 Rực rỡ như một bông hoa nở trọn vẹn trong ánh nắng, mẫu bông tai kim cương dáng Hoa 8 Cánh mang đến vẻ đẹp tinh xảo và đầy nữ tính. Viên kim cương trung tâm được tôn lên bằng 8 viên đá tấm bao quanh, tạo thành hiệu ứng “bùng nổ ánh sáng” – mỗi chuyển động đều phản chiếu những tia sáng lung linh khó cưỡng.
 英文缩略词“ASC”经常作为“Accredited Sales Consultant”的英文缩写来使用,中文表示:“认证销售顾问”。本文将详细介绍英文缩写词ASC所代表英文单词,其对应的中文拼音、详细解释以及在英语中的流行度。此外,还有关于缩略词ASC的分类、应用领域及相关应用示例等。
_ _ _ _ _
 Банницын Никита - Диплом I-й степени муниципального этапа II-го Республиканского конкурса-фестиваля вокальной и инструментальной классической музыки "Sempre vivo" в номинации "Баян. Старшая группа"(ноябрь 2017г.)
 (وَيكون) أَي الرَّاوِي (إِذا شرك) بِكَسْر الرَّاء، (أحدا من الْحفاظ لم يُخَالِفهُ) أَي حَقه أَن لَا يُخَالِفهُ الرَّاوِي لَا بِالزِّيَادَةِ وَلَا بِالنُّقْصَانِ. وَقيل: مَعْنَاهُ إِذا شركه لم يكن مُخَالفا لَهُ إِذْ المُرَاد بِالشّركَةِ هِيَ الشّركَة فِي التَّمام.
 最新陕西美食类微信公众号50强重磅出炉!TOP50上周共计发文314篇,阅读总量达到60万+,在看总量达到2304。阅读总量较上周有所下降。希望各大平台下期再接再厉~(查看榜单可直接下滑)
_ _ _ _ _
_What you need to do_.
Exactly the lines above from the one with "Банницын Никита - Диплом" to the one with "最新陕西美食类微信公众号50", both included, are to be quoted; leave the rest out.

_Solution to this problem_.
 Банницын Никита - Диплом I-й степени муниципального этапа II-го Республиканского конкурса-фестиваля вокальной и инструментальной классической музыки "Sempre vivo" в номинации "Баян. Старшая группа"(ноябрь 2017г.)
 (وَيكون) أَي الرَّاوِي (إِذا شرك) بِكَسْر الرَّاء، (أحدا من الْحفاظ لم يُخَالِفهُ) أَي حَقه أَن لَا يُخَالِفهُ الرَّاوِي لَا بِالزِّيَادَةِ وَلَا بِالنُّقْصَانِ. وَقيل: مَعْنَاهُ إِذا شركه لم يكن مُخَالفا لَهُ إِذْ المُرَاد بِالشّركَةِ هِيَ الشّركَة فِي التَّمام.
 最新陕西美食类微信公众号50强重磅出炉!TOP50上周共计发文314篇,阅读总量达到60万+,在看总量达到2304。阅读总量较上周有所下降。希望各大平台下期再接再厉~(查看榜单可直接下滑)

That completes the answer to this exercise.